2007 IEEE International Conference on Image Processing - San Antonio, Texas, U.S.A. - September 16-19, 2007

Technical Program

Paper Detail

Paper:MP-P6.11
Session:Biomedical Imaging I
Time:Monday, September 17, 14:30 - 17:10
Presentation: Poster
Title: A NEW CAD SYSTEM FOR EARLY DIAGNOSIS OF DETECTED LUNG NODULES
Authors: Ayman El-Baz; University of Louisville 
 Georgy Gimelfarb; University of Auckland 
 Robert Falk; Jewish Hospital 
 Mohamed Abo El-Ghar; University of Mansoura 
Abstract: A pulmonary nodule is the most common manifestation of lung cancer. Lung nodules are approximately-spherical regions of relatively high density that are visible in X-ray images of the lung.
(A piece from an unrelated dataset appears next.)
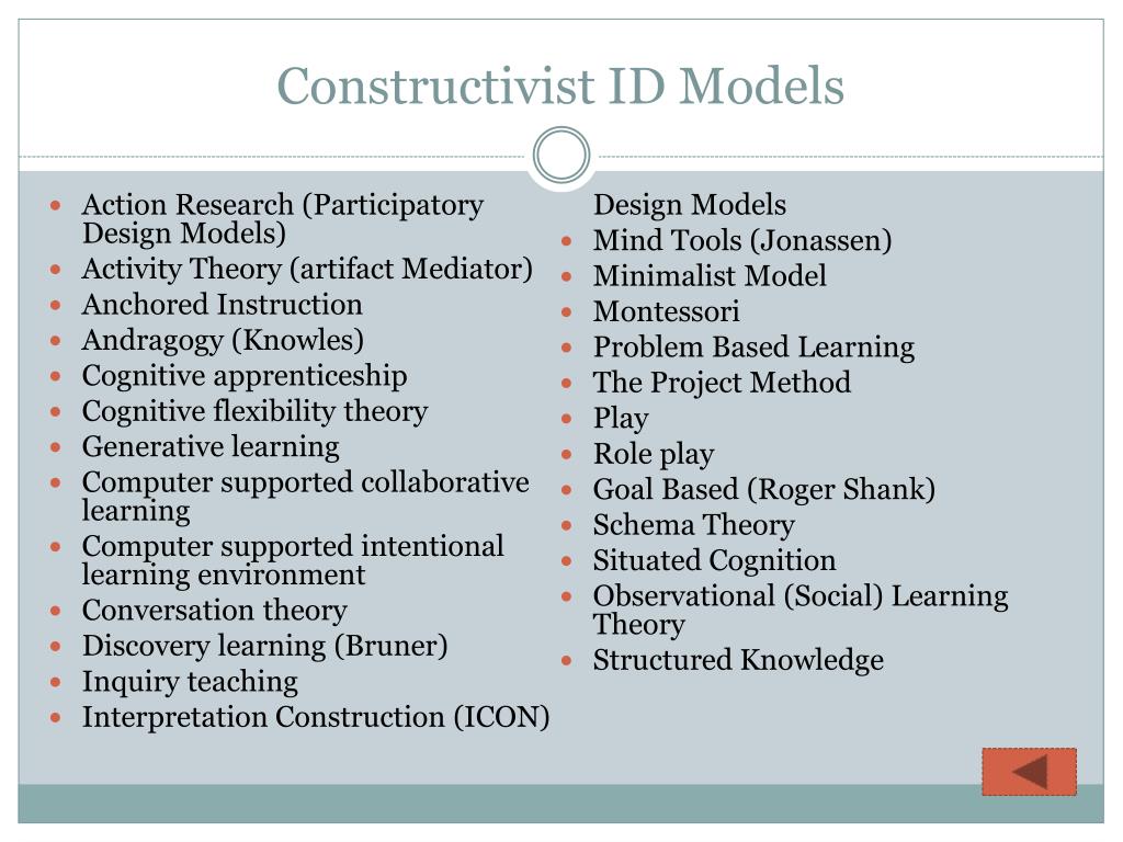 Constructivist ID Models Action Research (Participatory Design Models) Activity Theory (artifact Mediator) Anchored Instruction Andragogy (Knowles) Cognitive apprenticeship Cognitive flexibility theory Generative learning Computer supported collaborative learning Computer supported intentional learning environment Conversation theory Discovery learning (Bruner) Inquiry teaching Interpretation Construction (ICON) Design Models Mind Tools (Jonassen) Minimalist Model Montessori Problem Based Learning The Project Method Play Role play Goal Based (Roger Shank) Schema Theory Situated Cognition Observational (Social) Learning Theory Structured Knowledge

Large (generally defined as greater than 1 cm in diameter) malignant nodules can be easily detected with traditional imaging equipment and can be diagnosed by needle biopsy or bronchoscopy techniques. However, the diagnostic options for small malignant nodules are limited due to problems associated with accessing small tumors, especially if they are located deep in the tissue or away from the large airways; therefore, additional diagnostic and imaging techniques are needed. One of the most promising techniques for detecting small cancerous nodules relies on characterizing the nodule based on its growth rate. The growth rate is estimated by measuring the volumetric change of the detected lung nodules over time, so it is important to accurately measure the volume of the nodules to quantify their growth rate over time. In this paper, we introduce a novel Computer Assisted Diagnosis (CAD) system for early diagnosis of lung cancer. The proposed CAD system consists of five main steps. These steps are: i) segmentation of lung tissues from low dose computed tomography (LDCT) images, ii) detection of lung nodules from segmented lung tissues, iii) a non-rigid registration approach to align two successive LDCT scans and to correct the motion artifacts caused by breathing and patient motion, iv) segmentation of the detected lung nodules, and v) quantification of the volumetric changes. Our preliminary classification results based on the analysis of the growth rate of both benign and malignant nodules for 10 patients (6 patients diagnosed as malignant and 4 diagnosed as benign) were 100% for 95% confidence interval. The preliminary results of the proposed image analysis have yielded promising results that would supplement the use of current technologies for diagnosing lung cancer.